J'y suis, je fais face aux plaines du néant. Une étendue vierge de tout relief naturel, un paysage d'apparence stérile où la poussière recouvre des décombres par milliers. Un véritable mélange de terre gâtée de béton et de cendres virevoltant aux grès des vents se dresse devant moi et s'étend jusqu'à l'horizon. Je ne peux plus attendre, il faut que je me lance...

...

Premier avril 2032
Une semaine sans coucher le moindre mot sur mon petit cahier. Pourquoi ? La déception.
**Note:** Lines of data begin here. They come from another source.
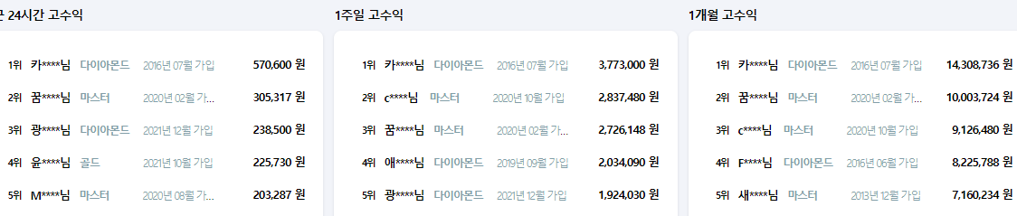 커뮤니티에 랭킹 보시면 상위 랭킹이 나오는데 어마어마하죠..
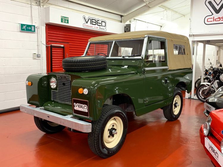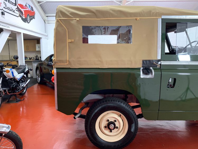 This Series 2 has been finished in the traditional period Bronze Green colour code LRC001. During the restoration of 2018 everything was stripped back to bare alloy, new bulkhead fitted, the paintwork throughout has a very deep uniformed finish inside, outside and underneath. Spare wheel sits on the original bonnet mounting plate. All exterior lighting is new, the original Land Rover plaques front and rear have been refurbished. This series 2 sits on a brand new galvanised chassis; the underside is equally as clean and impressive as the top. A new Exmoor Khaki canvas hood with side and rear screens has been fitted, along with new hood sticks. The hinged front screen operates perfectly... Show winning quality and attention to detail.
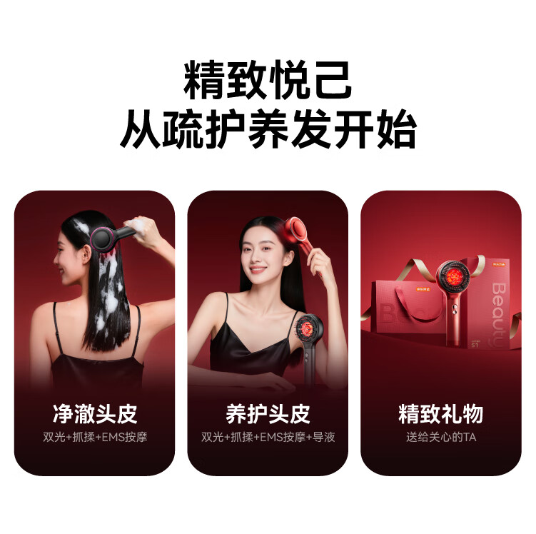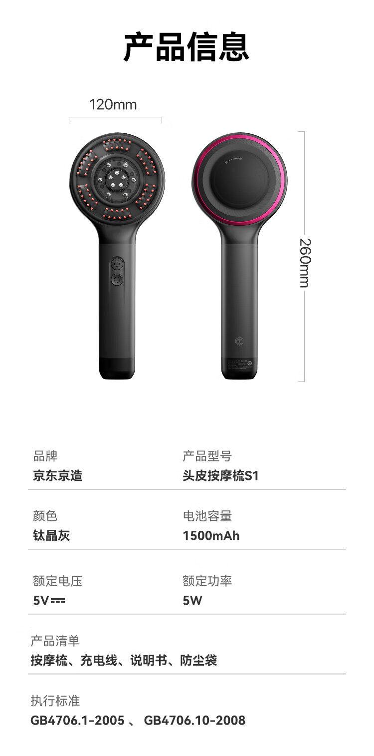 家用电器  > 个护健康  > 按摩器  >  京东京造  >  京东京造头部按摩器S1钛晶灰 头部按摩仪头皮红光养护温感导液头皮按摩梳经络刷男生生日礼物女新年礼物 JZTB-S1/台

Il n'y a rien ici, j'ai été trop idiote, j'ai cru être la première à entreprendre ce voyage, mais quoi que nous fassions, nous ne pouvons jamais être le premier nulle part. C'est ce campement abandonné qui me le rappelle de façon moqueuse. Même dans les terres mortes d'où je viens pousse de jeunes plantes aussi éphémères que des papillons, mais elles poussent tout de même. Ici, tout est mort, et c'est comme si tout continuait à mourir. La mort s'est approprié cet endroit et j'ai peur de bientôt faire partie de ces poussières brunâtres qui ne cessent de voler. J'ai consommé plus de la moitié de mes vivres, faire demi-tour serait suicidaire, d'autant que je ne suis pas certaine d'être allée tout droit. Je suis perdue, stupide j'ai été, stupides ont toujours été mes rêves...

3 avril 2032
Je sais désormais ce que sont les plaines du néant : un cimetière. Face à moi reposent les dépouilles de ceux qui comme moi, ont été assez idiots pour croire qu'au delà de ce désert il y avait un paradis. Au début j'ai cru qu'ils étaient tous de la même caravane. Mais non. L'état de décomposition varie d'un cadavre à l'autre, ces gens sont venus seuls ici et ils sont morts seuls au milieu de leurs prédécesseurs. Les cadavres forment une ligne irrégulière, tous morts au même endroit, comme si le sol avait défini une limite à nous autres humains. Une limite qui, si nous la franchissons, nous foudroie. Je ne comprends pas, je n'arrive pas à imaginer comment ces gens ont pu mourir à cet endroit. Tout du long cette bordure invisible est jalonnée de corps sans vie. Si je m'approche, j'imagine que je les rejoindrai...

4 avril 2032
Je n'étais pas certaine de moi jusqu'à ce que je décide d'écrire ces mots, mais je le suis à présent. Il y a une structure au loin, comme une tour. Elle s'est sagement dessinée après une légère accalmie venteuse. Je la vois encore et le plus beau, c'est qu'au petit matin, alors que le jour n'était pas encore levé, j'ai aperçu une lumière brève mais vive. Je me sens comme sauvée, le sourire aux lèvres je griffonne ces derniers mots avant de reprendre la route, il me faudra marcher au milieu de cette nécropole linéaire à ciel ouvert, mais je n'ai plus peur de traverser à présent. Je me mets en route, j'écrirai une fois arrivée.